Möglichst nicht gerüttelt werden soll an den freiwilligen Leistungen. Sie stehen mit 970 000 Euro im Haushaltsentwurf. Der größte Batzen (300 000) entfällt laut Plan auf die 1,1 Millionen teure Innensanierung der Pfarrkirche St. Martin. Ob der Zuschuss in diesem Umfang über den Haushalt bewilligt wird, müsse diskutiert werden, sagte Himmer. Denkbar sei ebenso, die üblichen zehn Prozent zu gewähren und eine weitere Summe aus dem Emmi-Fendt-Erbe beizusteuern.

Über ein eigenes Zahlenwerk werden die Stadtwerke abgerechnet. Deren Etat hat ein Gesamtvolumen von 13 Millionen Euro. Die Schulden des Eigenbetriebes liegen bei 25,3 Millionen Euro. Während der Wasserpreis konstant bleiben soll, müssen sich die Marktoberdorfer auf höhere Abwassergebühren einstellen. In welcher Größenordnung die Preiserhöhung ausfällt und wann sie vollzogen wird, hänge von der Abrechnung des Klärwerkbaus ab. Die Anlage soll Ende Mai fertig sein. Der Kostenrahmen von 10 Millionen Euro werde eingehalten, war sich Sauer sicher. Was danach in Angriff genommen werden soll, sei der Anschluss von Hattenhofen und Fechsen ans Abwassernetz.

Der Etatentwurf in Zahlen

Verwaltungshaushalt: 26,1 Millionen Euro (2006: 24,3).

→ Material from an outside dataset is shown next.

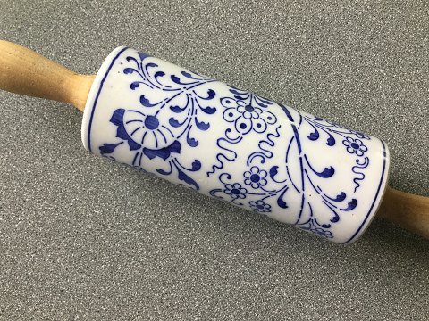 Løgmønsteret (Tyskland): Gammel kagerulle med drejede træhåndtag. Tyskland ca. 1880-1900. Uden stempel. Fajancerullen måler i længden 19 cm og hele rullen måler 40 cm.

Vermögenshaushalt: 7,3 Millionen (4,6).

Schuldenstand: fast konstant 22,3 Millionen Euro (keine Nettoneuverschuldung).

Zuführung zum Vermögenshaushalt: 1,2 Millionen Euro (Vorjahr Entnahme von 350 000 Euro).

Einnahmen Gewerbesteuer: 11,5 Millionen Euro (plus 1,5).

Einnahmen Einkommenssteuer: 5,5 Millionen Euro (plus 0,5).